Community
    • Login

    Search for inconsistent line endings with a regex? (part 2)

    Scheduled Pinned Locked Moved Help wanted · · · – – – · · ·
    29 Posts 5 Posters 5.1k Views
    Loading More Posts
    • Oldest to Newest
    • Newest to Oldest
    • Most Votes
    Reply
    • Reply as topic
    Log in to reply
    This topic has been deleted. Only users with topic management privileges can see it.
    • guy038G
      guy038
      last edited by guy038

      Hello, @alan-kilborn,

      I’ll study your last solution, on Monday 18 ( Again, I’m away on a three-day ski trip 😉 )

      Best Regards,

      guy038

      1 Reply Last reply Reply Quote 0
      • guy038G
        guy038
        last edited by

        Hello, @ekopalypse, @alan-kilborn, and All,

        Like you proposed, @alan-kilborn, the enhanced script becomes :

        check = True
        
        false_EOL = {0:'$[^\r][^\n]',  # Miss the TWO chars \r\n at 'end of line' as editor.getEOLMode() = 0 ( Windows   EOL )
                     1:'\n',           # Should be \r                             as editor.getEOLMode() = 1 ( Macintosh EOL )
                     2:'\r',           # Should be \n                             as editor.getEOLMode() = 2 ( Unix      EOL )
                    }
        
        def check_eol(match):
            global check
            check = False
            line_of_first_mismatch = editor.lineFromPosition(match.span(0)[1])
            notepad.messageBox('Different EOLS detected -- the first inconsistency is on line ' + str(line_of_first_mismatch),'EOL Mismatch', 0)
            user_input = notepad.prompt('Convert all line-endings in file?\r\nIf so, enter 0 for CRLF, 1 for CR, 2 for LF',
                'INCONSISTENT LINE-ENDINGS DETECTED!', editor.getEOLMode())
            if user_input is not None:
                desired_eol_index = int(user_input)
                if 0 <= desired_eol_index <= 2:
                    eol_cmd_list = [
                        MENUCOMMAND.FORMAT_TODOS,
                        MENUCOMMAND.FORMAT_TOMAC,
                        MENUCOMMAND.FORMAT_TOUNIX,
                    ]
                    if desired_eol_index == editor.getEOLMode():
                        notepad.menuCommand(eol_cmd_list[(desired_eol_index + 1) % 3])  # change to UNDESIRED line-endings
                    notepad.menuCommand(eol_cmd_list[desired_eol_index])                # change to DESIRED   line-endings
        
        editor.research(false_EOL[editor.getEOLMode()],     # regex to search for
                        check_eol,                          # function to call if regex match
                        0,                                  # re flags
                        0,                                  # START of file
                        editor.getLength(),                 # END   of file
                        1)                                  # count ( at FIRST match )
        
        if check == True:
            notepad.messageBox('All EOLS correct','EOL check', 0)
        

        Now, given this simple text :

        This
        is
        a
        little
        test
        to   
        try
        if
        OK
        
        • With Windows (CR LF) in the status bar

        • With line 4 ending with CR

        • line 6 ending with 3 spaces + LF

        • And all the other lines ending with CRLF

        When running the script, it said :

        Different EOLS detected -- The first inconsistency is on line 6, although it should be on line 4 ending with CR !

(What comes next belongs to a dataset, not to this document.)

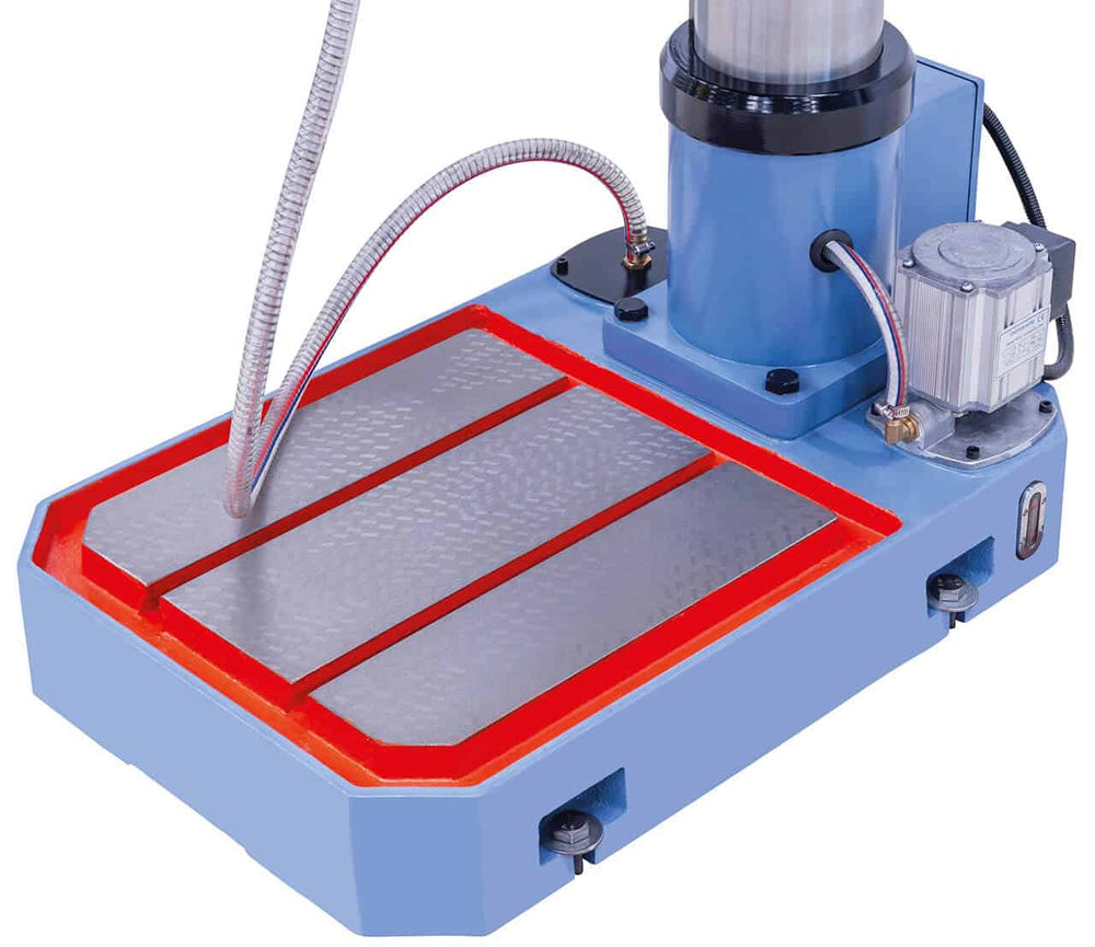 La macchina dispone di 6 avanzamenti automatici controllati da frizione elettromagnetica, motorizzazione per la regolazione in altezza della tavola e cambio a due stadi per una gamma di velocità da 50 a 2200 giri/min. Il tavolo in ghisa massiccia, trattato superficialmente, è inclinabile da -45° a +45° e permette il fissaggio di pezzi di grandi dimensioni grazie alle cave a T.

        Still searching for other oddities :-)

        Best Regards,

        guy038

        Alan KilbornA 1 Reply Last reply Reply Quote 0
        • Alan KilbornA
          Alan Kilborn @guy038
          last edited by Alan Kilborn

          @guy038 said :

          Different EOLS detected – The first inconsistency is on line 6, although it should be on line 4 ending with CR !

          Well… that seems to be because $[^\r][^\n] (when searching from top of file) misses line 4 and matches the LF at the end of line 6 and the t at the start of line 7.

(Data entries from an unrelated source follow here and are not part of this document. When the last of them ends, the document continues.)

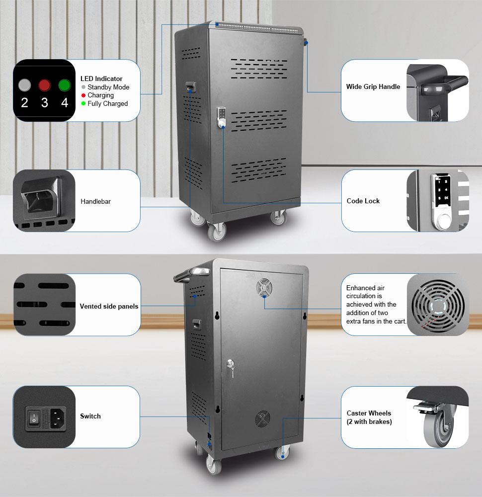 Sistema Inteligente de Carga y Alimentación: Incluye un módulo de carga inteligente integrado con múltiples puertos USB-C o ranuras dedicadas que permiten la carga rápida sincronizada sin dañar los dispositivos; un circuito de diseño profesional con cables ocultos para evitar la exposición, el desgaste y los tirones; y robustas funciones de seguridad, como protección contra sobrecargas, cortocircuitos y sobrecalentamiento, que cumplen con las normas de seguridad y están equipadas con un disyuntor para garantizar un proceso de carga a prueba de fallos. Esto se combina con una construcción robusta y un diseño centrado en el usuario, con una estructura de acero resistente, compartimentos organizados en capas que admiten dispositivos de diferentes tamaños y evitan arañazos, y una refrigeración y accesibilidad optimizadas para un funcionamiento fiable y fácil de usar.
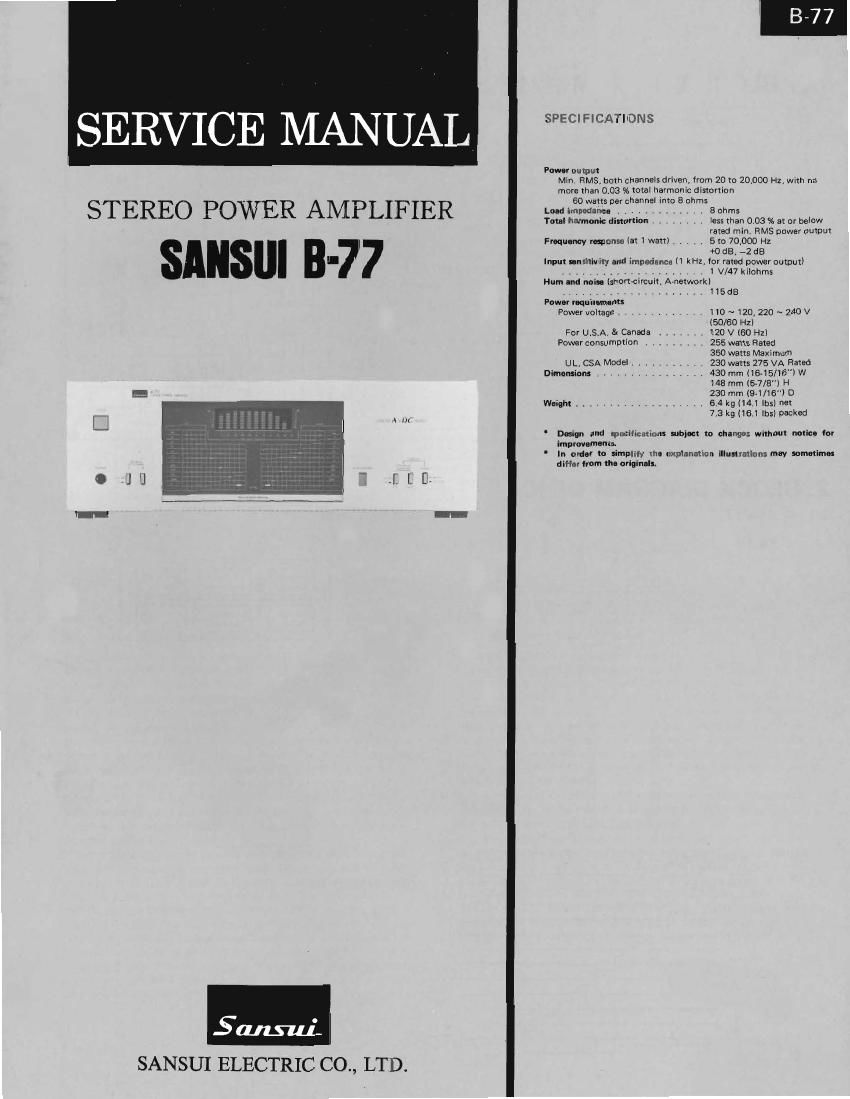 This is the 9 pages manual for Sansui B 77 Service Manual.
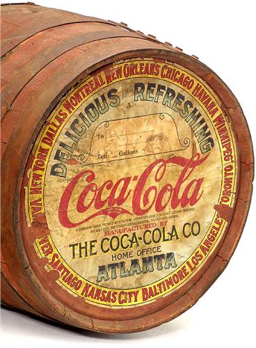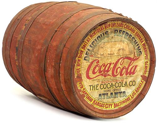 10-Gallon Wooden Barrel by "Coca-Cola", c. 1915 Original American wooden barrel for "Coca-Cola" syrop, with label on front side, Ø 131/2 in. - Very decorative!<Br>
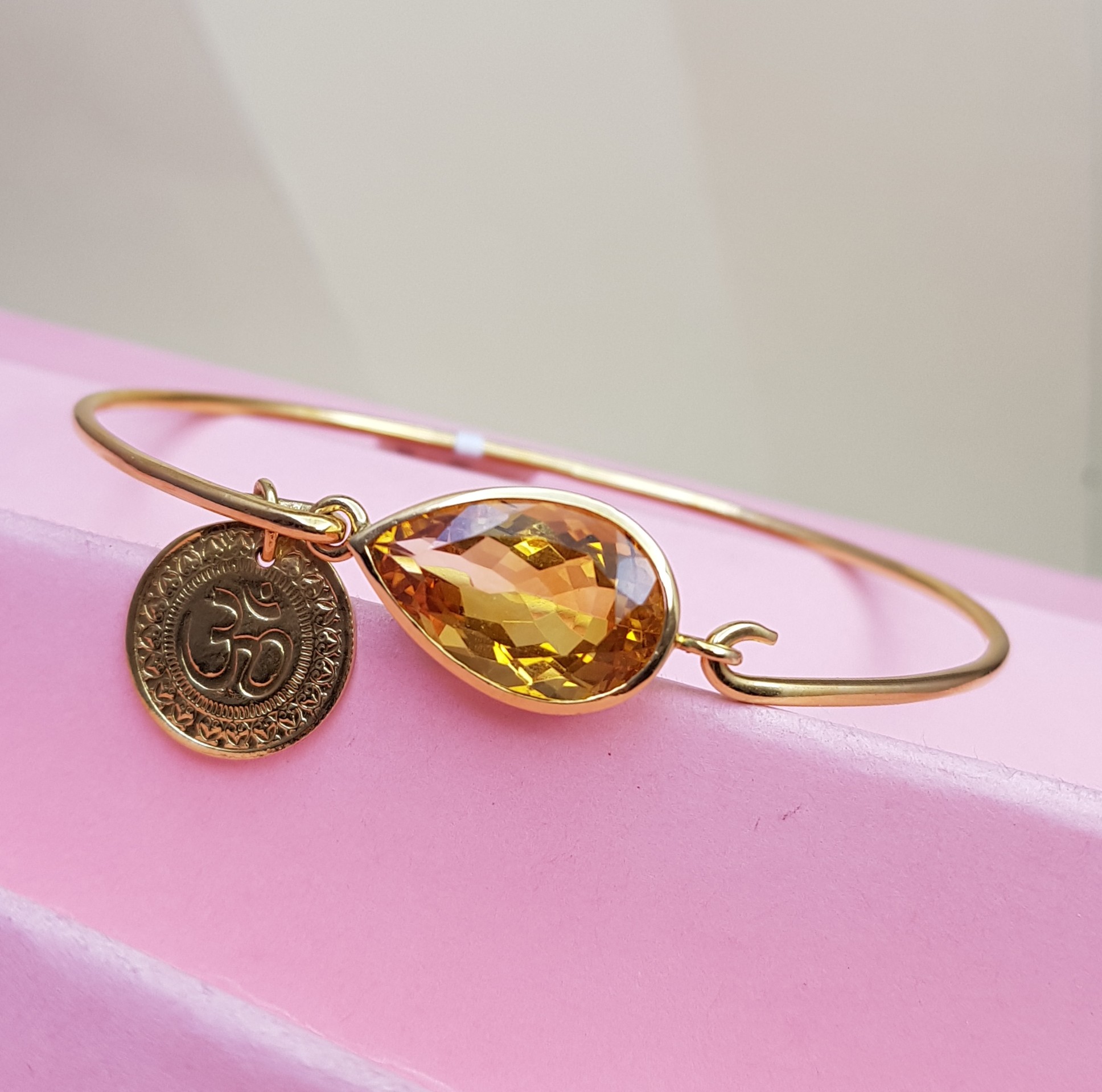 Calling all bracelet lovers! Giri collections presents this sleek gold Wire bracelet featuring a vibrant yellow Citrine complemented with a Gold Ginni chime. This versatile bracelet in 18K Gold goes well with both western and traditional ensembles.

          The original regex of \r[^\n]|[^\r]\n seems to work better…

          1 Reply Last reply Reply Quote 1
          • Alan KilbornA
            Alan Kilborn
            last edited by Alan Kilborn

            I noticed that other odd things can happen.

            Example:

            I created a Unix (LF) file and put some lines in it, and then changed one of the line’s endings to CRLF:

            7f90b7d9-e102-4085-b25e-5b6da0751f0a-image.png

            The status bar said:

            59a293bc-e6fd-48b2-8081-f8afd1617d9f-image.png

            Running the script said:

            04f26430-725b-4649-bec5-02d06d797169-image.png

            but it should have said line 3.

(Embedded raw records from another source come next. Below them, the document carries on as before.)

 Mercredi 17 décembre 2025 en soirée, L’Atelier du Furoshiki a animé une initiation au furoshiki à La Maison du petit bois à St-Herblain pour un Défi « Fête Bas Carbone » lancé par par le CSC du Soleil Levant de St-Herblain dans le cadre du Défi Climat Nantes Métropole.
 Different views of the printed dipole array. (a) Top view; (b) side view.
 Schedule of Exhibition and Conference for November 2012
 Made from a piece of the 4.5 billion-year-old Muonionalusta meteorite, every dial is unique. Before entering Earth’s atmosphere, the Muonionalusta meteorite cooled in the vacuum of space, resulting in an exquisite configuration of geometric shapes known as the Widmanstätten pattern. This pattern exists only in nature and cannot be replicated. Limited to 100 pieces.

            Moving to the PS console window and checking the EOL mode, I discovered:

            54577d16-e3b9-4f83-aded-accfafc391c3-image.png

            So I seem to have found a case where something is out of sync: Notepad++ 's status bar says LF for line-endings, but the Scintilla buffer says something different (CRLF).

            EDIT: I seem to have figured out why: The editorconfig plugin seems to be interfering. I have it set for CRLF for the file in question. However, I’d have thought that this plugin only does things when I save a file, and in the above I’ve not saved the data. Oh, well, (non)problem solved.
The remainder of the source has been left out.